At USC, Bowers impressed a number of professors – many who became his champions and, later, friends – and by his senior year he had a time-sensitive scholarship offer from Johns Hopkins University to pursue a master’s in international studies. Although Bowers was gratified, he was determined to enroll at Harvard Law School. 

“I basically told Harvard ‘I'd love to come, but you got to give me an early acceptance,’ which was unheard of back then,” Bowers says. “Lo and behold, sometime in November I got a Western Union telegram saying I was accepted.” 

He graduated from Harvard with his J.D. in 1970 and began lobbying for the American Bar Association in Washington, D.C. By 1972 he received an invitation to teach a summer program at the USC Rice School of Law. 

“The professor who ran the program was Bob Felix and there was also a professor here by the name of Walter Reiser, he taught at Harvard when I was there. They both put the rush on me to get me to come back to South Carolina and teach that summer,” Bowers says. “I said, pretty much as a lark, ‘Well, I never really thought about myself as teaching law, but sure.’” 

Bowers was delighted to discover a love of teaching the summer of 1972, and particularly appreciated the opportunity to give back to “Black students who were bright and eager.” When he was invited to join the faculty the following year he accepted.  

As a young Black professor, Bowers hoped his presence would help recruit more Black law students. He also hoped it would reassure current Black law students, which is why he was intentional about inviting high-profile Black lawyers to law school events to expose students to success profiles in the law. 

Connection and community service are central tenets of Bowers’ ethos, and he takes his role as mentor seriously. 

“I kept an open door, and they used it,” Bowers says. “I can still see the names and faces of a lot of Black students finding their way to my door because it was obvious that I was the only one here. And it was obvious that if they needed help or were in trouble, that that's the place to go.” 
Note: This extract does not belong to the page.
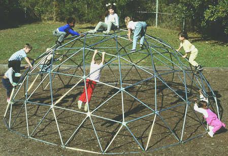 Naturally, neither pig nor duck got a lot of playtime from either Kristin or I. Usually we’d head first to the monkey bars. It’s hard to explain, but they were composed of metal bars linked together to form triangles that, as a pack, formed a dome. The triangles were an interesting choice because even with size 5 feet, pressing your sneaker into the apex of the upside-down triangle to get leverage to get to the next level of triangle was, in a word, squishy.

It was an enjoyable first year albeit a lonely one, so Bowers took a brief sabbatical to write, at the time, cutting-edge research on electronic fund transfers. He returned to teaching at the USC Rice School of Law, but not for long. 

“When I went into law teaching in 1973, I was teaching from a purely academic standpoint,” Bowers says. “I often felt that if I'm going to be an effective teacher, I got to learn how to practice law so I can teach my students how to practice law.” 

So, Bowers wrote Roderick Hill – a friend and former professor of his from Harvard who had recently been appointed Chairman of the Securities and Exchange Commission – that he wanted to “find [his] way back into the law practice.” Hill responded by offering him a job in the Office of the General Counsel at the White House. After that, “one thing led to the next to the next to the next.”  

Next included an in-house position at Aetna Life and Casualty where he stayed for 25 years, ultimately becoming vice president of corporate compliance. He has also served as senior counsel at Day Pitney LLP and as special counsel at the Securities and Exchange Commission. Bowers even taught at several other universities, including Yale Law School, the University of Connecticut School of Law, and Boston University School of Law. 

Bowers’ career has many highs, and he has received numerous commendations, but he says teaching at USC remains the most rewarding part of his long career for two reasons. 

“Number one, it was the first time that I truly did something that I was committed to and that I thought had much wider social ramifications than the other jobs that I took later on. The second thing – and I appreciate this in hindsight – teaching law, you can see the progression of a student who can now carry the ball on his or her own. You feel an accomplishment that you don't get in law practice,” Bowers says. “While it may seem odd because it was a career that I had at the very beginning of my legal life, it was the most meaningful. And I carry that to this day.”